There had also been union protest before and after implementation of the freeze.
Manager with reduced role under TUPE was ‘unfairly dismissed’
An NHS manager who was told her role was being reduced by half during a TUPE transfer was unfairly dismissed.
The employee was a senior clinical commissioning manager who worked two days a week from home. She was considered a highly valued employee.
In February 2015, she made a protected disclosure in relation to tender irregularities for a new contract for ambulance services. Because of her disclosures, the procurement process was cancelled and put out to tender again.
In November 2015, the employee’s employment was transferred under TUPE to a Clinical Commissioning Group.
The transfer consultation proceeded smoothly until a meeting that took place in February 2016. The employee said that two hours before the meeting, she was told that she would no longer be able to work from home and that half of her responsibilities were going to be taken from her.

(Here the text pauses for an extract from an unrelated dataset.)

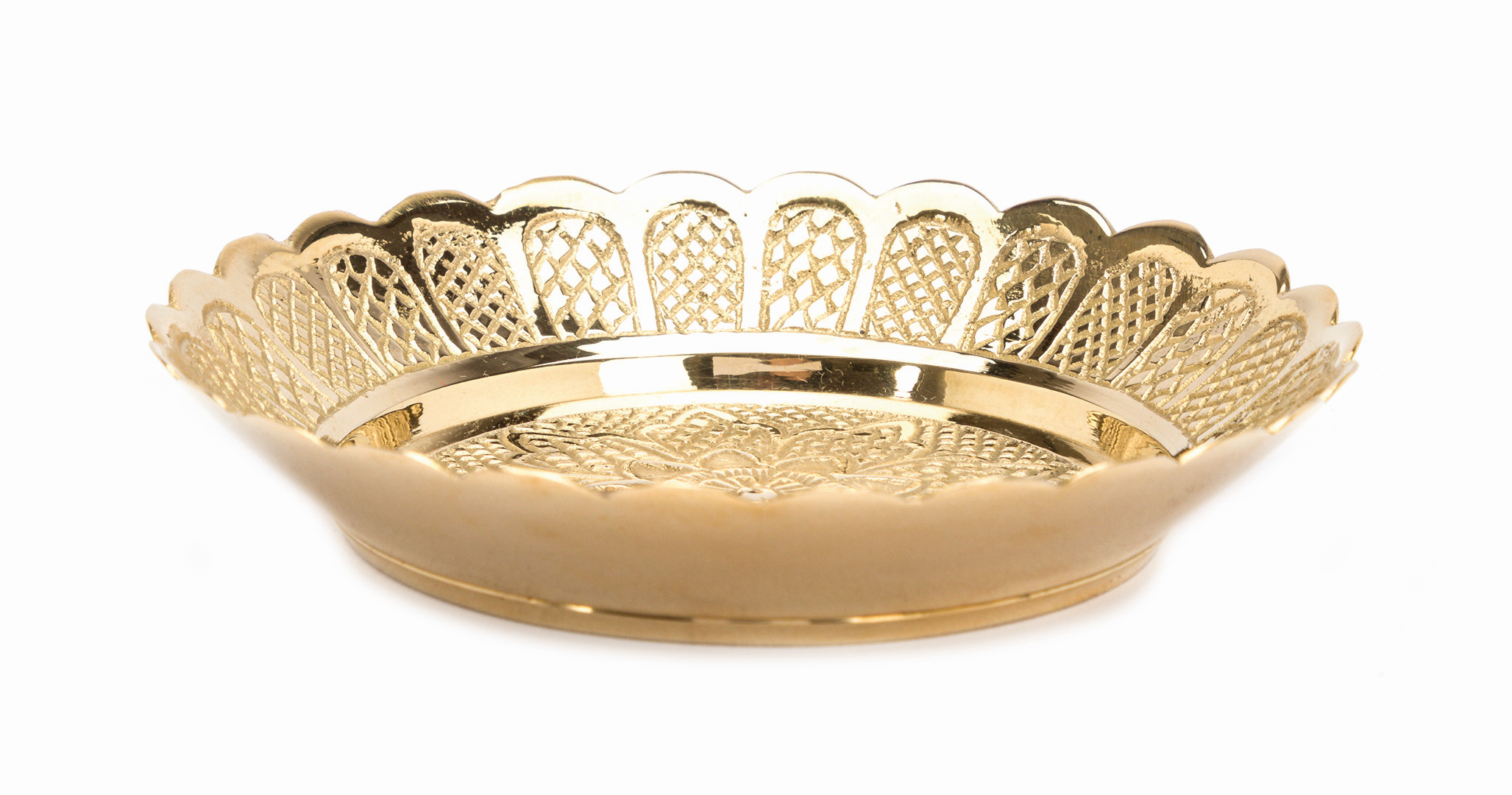 geeignet als Kerzenteller oder als Schmuckablage, Aluminium, gold, Ø 11 cm, H 2 cm

She felt the change was due to her making a protected disclosure and so she lodged a grievance under the whistleblowing policy. An internal investigation found “no relationship between the whistleblowing raised in the previous year and the events surrounding the change to [the employee’s] role”.

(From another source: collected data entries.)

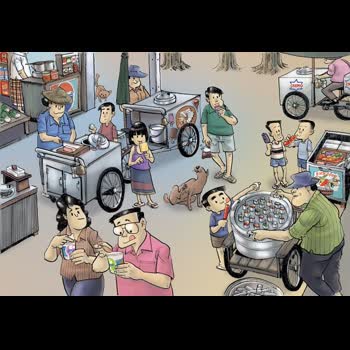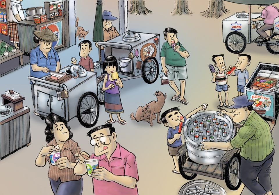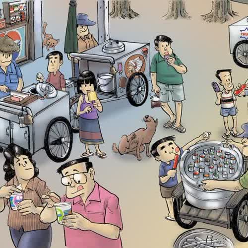 | คำอธิบาย : ทุกครั้งยามเข้าหน้าร้อน นอกจากการเล่นว่าว โดดน้ำเล่น เราก็ยังมีวิธีสู้แรงร้อนระอุของแดดด้วยของกิน\ของกินที่ว่านั่นก็คือเหล่า ‘#ไอติม’ หรือ ‘#ไอศกรีม’ หลากหลายประเภท ถ้าไม่นับรวม เหล่าน้ำหวานทั้งหลายที่ใส่ถุงแช่จนเย็นเป็นน้ำแข็ง ยามกินก็ใช้ปากเจาะก้นถุงดูดเอาๆ\#ไอติม ที่ถือว่าบ้านๆที่สุดและราคาถูกที่สุดในสมัยนั้น ก็จะเป็น #ไอติมหลอด ที่พ่อค้าจะใส่น้ำหวานสีและรสต่างๆในหลอดกระบอกโลหะ แล้วใส่ไปในช่องของถังโลหะที่ใส่น้ำแข็งโรยเกลือเอาไว้ จากนั้นก็จะจับเขย่าซ้ายขวาๆเสียงดังโกรกกราก พอเริ่มแข็งตัวก็เสียบไม้ลงไปเป็นด้ามจับ ไม่นานนักน้ำหวานที่ว่าก็จับตัวแข็งเป็นไอติมให้เราดูดกินชื่นใจจนปากซีดเลยทีเดียว\บางแห่งที่ทำมาสำเร็จแล้วใส่กระติกแขวนหัวไหล่มาเดินขาย มีวิธีเรียกลูกค้าด้วยโฆษณาว่าได้ไม้แดงสามารถเอามาแลกกินฟรีได้อีกด้วย\ถ้ามีทุนทรัพย์ขึ้นมาหน่อยจะเป็น #ไอติมตัด เป็นไอติมมีส่วนผสมของครีมอยู่บ้าง ทำเป็นก้อนสี่เหลี่ยมห่อพันด้วยกระดาษ เมื่อจะขายเค้าก็จะเอาขึ้นมาตัดให้ได้ขนาด แล้วเสียบไม้จับ ขนาดเล็ก 1 บาท ใหญ่ขึ้นมาก็ 2 บาทจะได้เยอะจนต้องเสียบไม้จับให้ถึง 2 อัน\ตามร้านชำจะมีไอติมแช่ไว้ในถังน้ำแข็งก้อน เป็นไอติมที่ทำจากน้ำหวานใส่ในหลอดพลาสติกแช่เย็นจนแข็งเป็นน้ำแข็ง รูปร่างของหลอดมักจะทำเป็นรูปขวดน้ำหวาน หรือฝักข้าวโพด มักขายกันอันละ 1 บาท เวลาจะกินก็ต้องใช้ฟันกัดจุกพลาสติกให้ขาด แล้วดูดน้ำหวานเย็นจัดข้างใน ซึ่งหลอดพลาสติกที่เหลือจากการกิน เด็กอย่างเรายังเอาไปใส่น้ำเล่นกันได้อีก\นอกจากนั้นก็มี #ไอติมแท่ง รสชาติต่างๆทั้ง ถั่วดำ ข้าวโพด ลอดช่อง และรสน้ำต่างๆเช่น กาแฟ น้ำแดง ซึ่งเดี๋ยวนี้มียี่ห้อดังๆไปขายในร้านสะดวกซื้อเสียด้วยซ้ำ\#ไอติม ที่ดูเป็น #ไอศกรีม จริงๆขึ้นมาหน่อยและมียี่ห้อด้วย ที่จำได้ก็ #ไอศกรีมอาปาเช่ ที่โลโก้จะเป็นรูปหัวอินเดียนแดง เป็น #ไอศกรีม ราคาถูกไล่ตั้งแต่ ไอศกรีมแบบแท่งราคา 1 บาท ไอศกรีมถ้วยก็ 2 บาท ไปจนถึง 3 บาท ก็จะเป็นไอศกรีมโคนแบบ คอนเน็ตโต สมัยนี้ แต่โคนของ อาปาเช่ มักจะเหลวเป๋วเหนียวหนึบมาตั้งแต่ในรถขาย\ถ้าไอศกรีมไฮโซในสมัยนั้นเลยก็จะเป็น #ไอศกรีมโฟร์โมสต์ มีหลากหลายแบบมาก แต่ที่ผมเคยกินก็แบบถูกๆหน่อยเป็น ไอศกรีมถ้วย ถ้าถ้วยแบนๆตื้นๆก็ 2 บาท ถ้าถ้วยสูงหน่อยก็คง 3 บาท #ไอศกรีมโฟร์โมสต์ นี่เค้ามีร้านที่ดังมากคือ #ศาลาโฟร์โมสต์ ตรงอนุสาวรีย์ชัยฯ คงเป็นร้านที่คนหนุ่มสาวสมัยนั้นใช้เป็นที่นัดพบกินไอศกรีมกันอย่างร้านชื่อดังสมัย
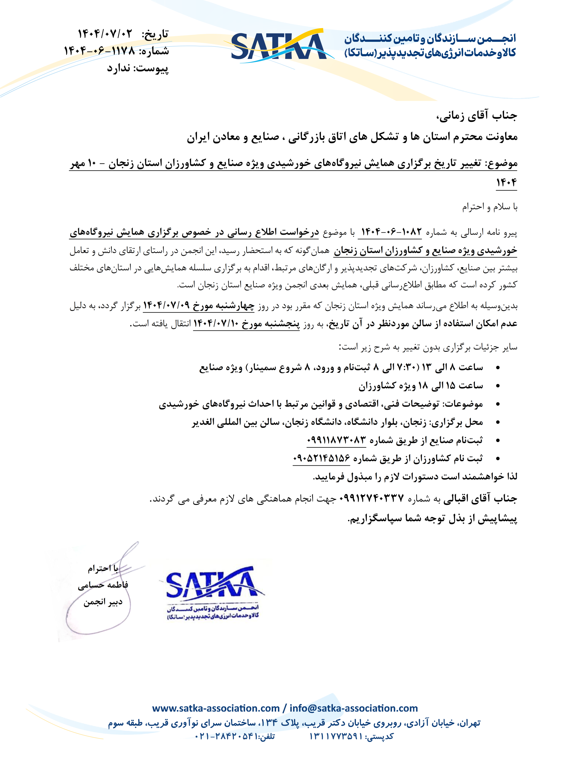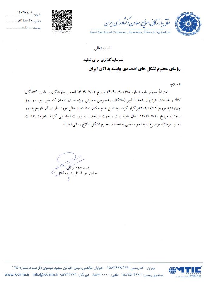 دعوت به جلسه روز ملی کیفیت 18 آبان ماه 1404مهر ۸, ۱۴۰۴چهارمین نشست راهبردی ایران و اوراسیا در تاریخ 30 مهر ماه 1404مهر ۸, ۱۴۰۴تغییر تاریخ برگزاری همایش نیروگاههای خورشیدی ویژه صنایع و کشاورزان استان زنجان – مورخ 10 مهر 1404 مهر ۸, ۱۴۰۴ اشتراکمطالب مرتبطمهر ۱۶, ۱۴۰۴تغییر تاریخ اعزام هیات تجاری به نمایشگاه بین المللی یونیورسالی تاجیکستان-دوشنبه از مهر به ابان 1404اطلاعات بیشترمهر ۱۶, ۱۴۰۴سلسله سخنرانی های علمی با موضوع ساعتی به کیفیت بیاندیشیم – مورخ 27 مهر لغایت 13 آبان ماه 1404اطلاعات بیشترمهر ۱۵, ۱۴۰۴سمپوزیوم راهبری هوشمندانه در دنیای متلاطم؛ اقتصاد و استراتژی برای مدیران آینده نگر در تاریخ 23 و 24 مهر ماه 1404اطلاعات بیشتر
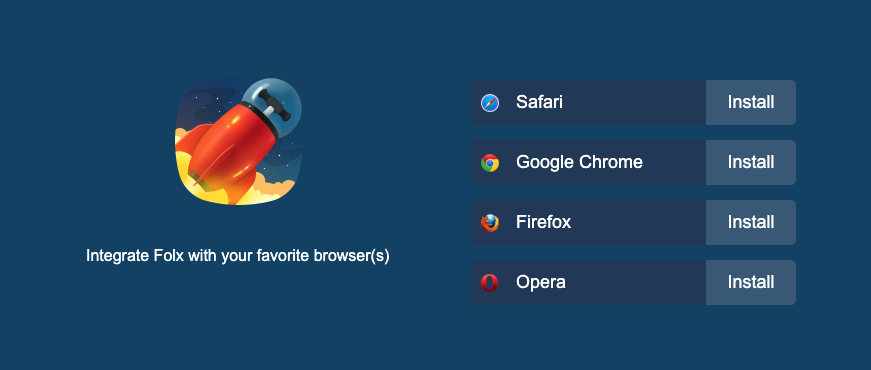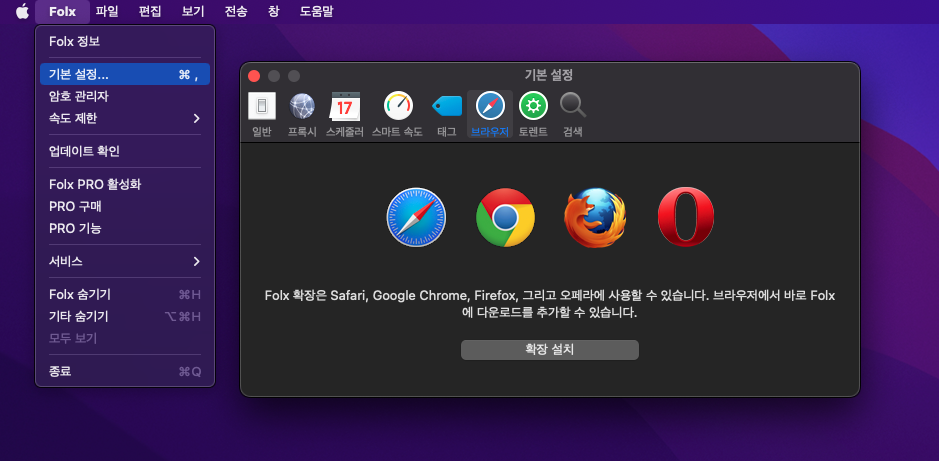 Folx ์ฑ์์ Command + ,(์ผํ) ๋จ์ถํค๋ฅผ ํตํด ์ค์ ์ผ๋ก ๋ค์ด๊ฐ๊ฑฐ๋, ์๋จ ๋ฉ๋ด์์ ๊ธฐ๋ณธ์ค์ -> ๋ธ๋ผ์ฐ์ ์์ ์์ ์ด ์ฌ์ฉํ๊ณ ์๋ ๋ธ๋ผ์ฐ์ ์ ํ์ฅํ๋ก๊ทธ๋จ์ ์ค์นํด์ฃผ๋ฉด ๋์ฃ . ^^

The employee was upset and went on sick leave. She later resigned and brought a claim of unfair dismissal.
The Employment Tribunal rejected her claim that there was a link between her treatment and the protected disclosure so her complaint of unfair dismissal because of whistleblowing was dismissed.

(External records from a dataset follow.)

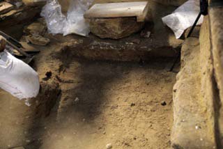1. Προχωρεί η απομάκρυνση χωμάτων από τον τέταρτο χώρο και αποκαλύφθηκε η θεμελίωση των πλαϊνών τοίχων. Η έδραση των τοίχων γίνεται επί τεχνητής επίχωσης, από καλά συμπυκνωμένο αμμοχάλικο με άργιλο, πάχους περίπου 0, 40μ. Η επίχωση αυτή πατά πάνω στο φυσικό έδαφος του λόφου Καστά, το οποίο εμφανίζεται επιφανειακά ως εδαφοποιημένος-κερματισμένος σχιστόλιθος.
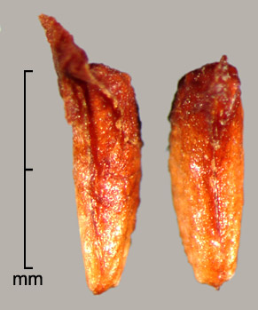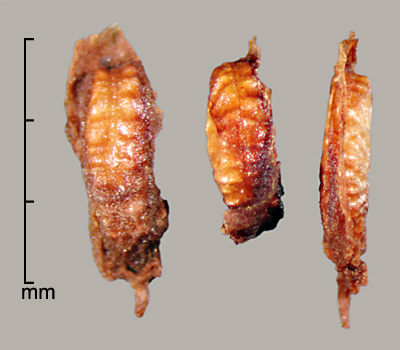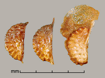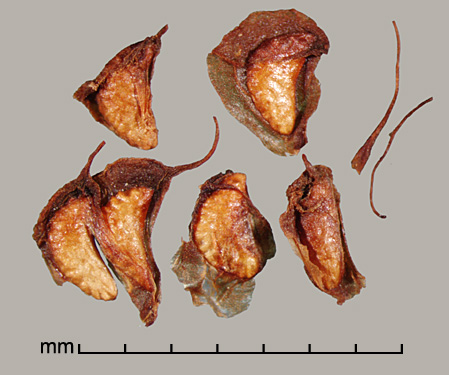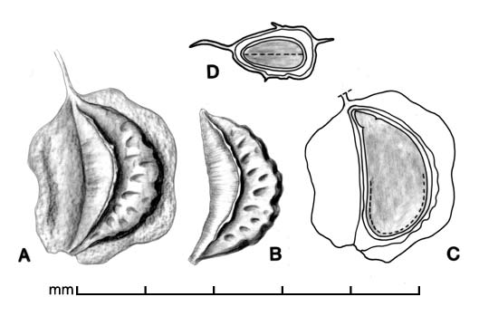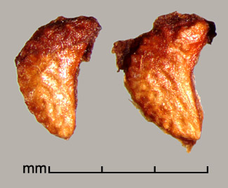 Aggregate fruit of many drupelets, each drupelet containing one seed. Drupelets may bear wings of thin, stiff persistent pericarp extending mostly from margins. Drupelets (not including extensions) 2–2.8 mm long, 0.7–1.5 mm wide, 0.5–1 mm thick. Crescent shaped, sides sloping to ventral concave margin. Sides broadly rugose-reticulate, dorsal margin with broad mostly transverse ridges and a groove down the middle. Style sometimes persistent. Surface dull to semiglossy, yellowish to reddish-brown. Scar inconspicuous. Embryo spatulate, slightly curved, cotyledons expanded, broad.
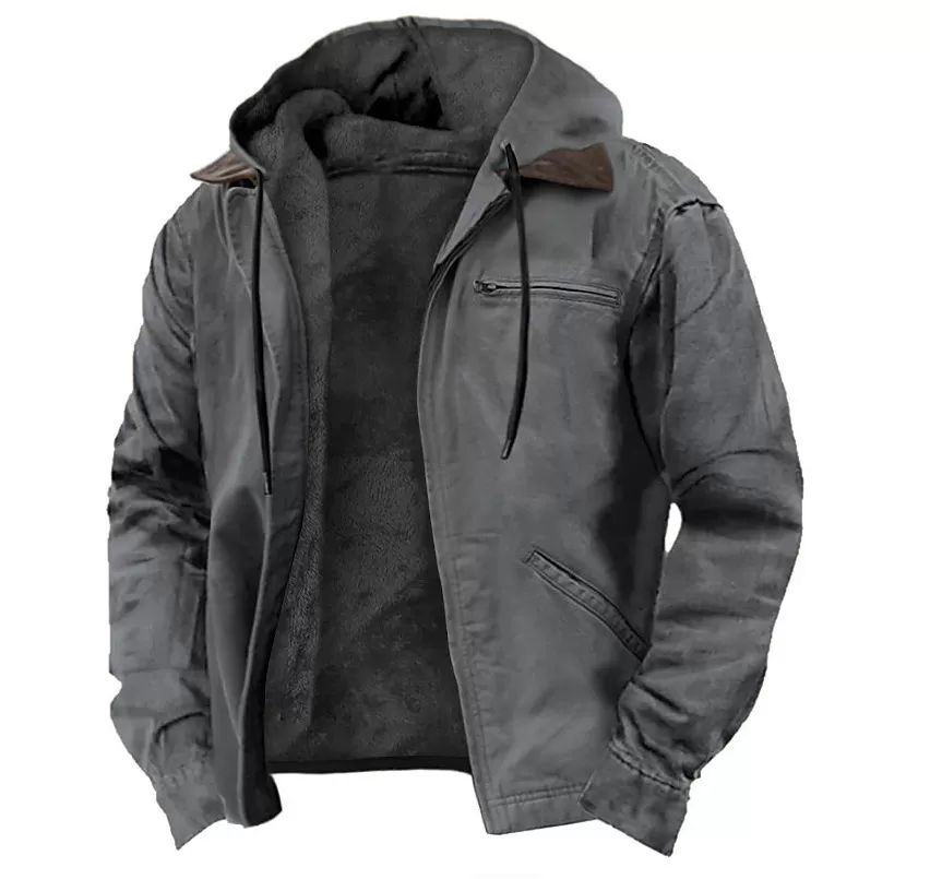 Solid Color Hooded Casual Men's Fleece Zipper Pocket Jacket Coat Solid Color Hooded Casual Men's Fleece Zipper Pocket Jacket Coat
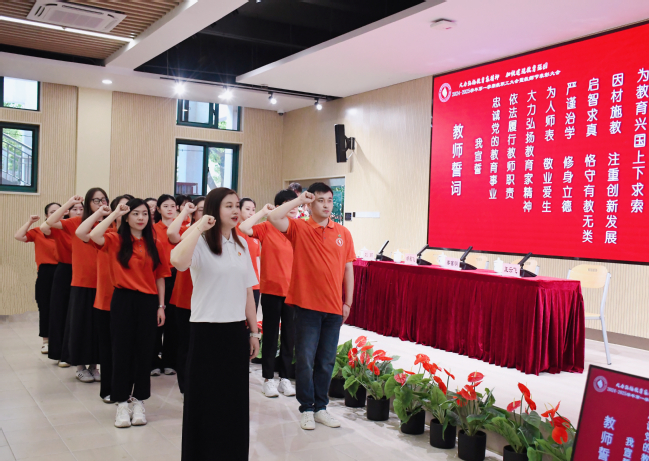 新进教职工在会上进行了优秀教师领誓、新教师宣誓仪式。在优秀教师代表岳华教授的带领下,新教师们立下铮铮誓言,铿锵有力、整齐坚定,深深表达了新一代济光人牢记教育使命的坚定意志和决心。
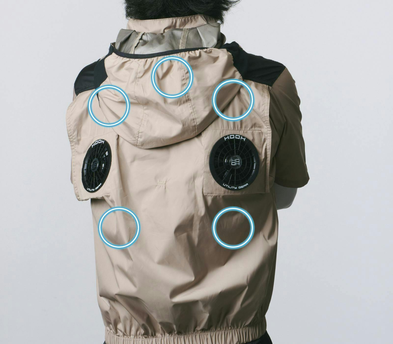 冷却効果が持続するペルチェベストに、ミドルファンの風をあてることで、“冷えを循環させる”新感覚の涼しさが生まれます。

However, it found she was unfairly dismissed because the reduction in her role breached the terms of her employment contract.
The Judge said: “I am satisfied that there was a very substantial and significant reduction of the Claimant’s role, duties and responsibilities. The loss was not attributed to any TUPE factor.
“In those circumstances the removal of duties amounted to a breach of an express term or terms of
the contract. There is no doubt having regard to the extent of the reduction in duties that it was a fundamental breach which went to the root of the contract of employment.”
Compensation will be decided at a separate hearing.
Disabled employee wins claim over ‘forced evening work’
A disabled employee has won a constructive dismissal claim after his employer ‘forced’ him to work evenings.
The employee joined the firm in October 2011. He regularly worked 12 to 14-hour days that stretched well into the evening.
In July 2012 he was involved in an accident that resulted in him developing issues such as dizziness, fatigue, headaches and difficulty concentrating.
He worked reduced hours when he returned from recuperating, but after six months his working day start increasing again until 6.30 to 7pm.
When he initially agreed to work late, his employer expected that he would continue to do so indefinitely.
However, after four months he objected to working into the evening. This led to a heated exchange between the employee and one of the owners of the business.
The owner berated him in front of his colleagues and demanded an apology. He also said that if he didn’t like it he could leave.
The employee resigned due to the owner’s conduct and because he was being ‘forced’ to work evenings.
He brought proceedings for disability discrimination and constructive dismissal. He told the Employment Tribunal that he would have retracted his resignation if he had been asked to do so.
The company claimed the employee would have resigned from his job anyway as his wife had accepted a job in the US.
The tribunal ruled that this was why he had resigned rather than the argument with the owner over evening hours. It also said that the employee had not been ‘required’ to work evening hours; just that it was ‘expected’ of him.
However, the Employment Appeal Tribunal (EAT) overturned those decisions. It said that the tribunal had displayed a narrow view of the circumstances.
It held that the employee resigned in response to a fundamental breach of his employment contract.
The Court of Appeal upheld the EAT ruling.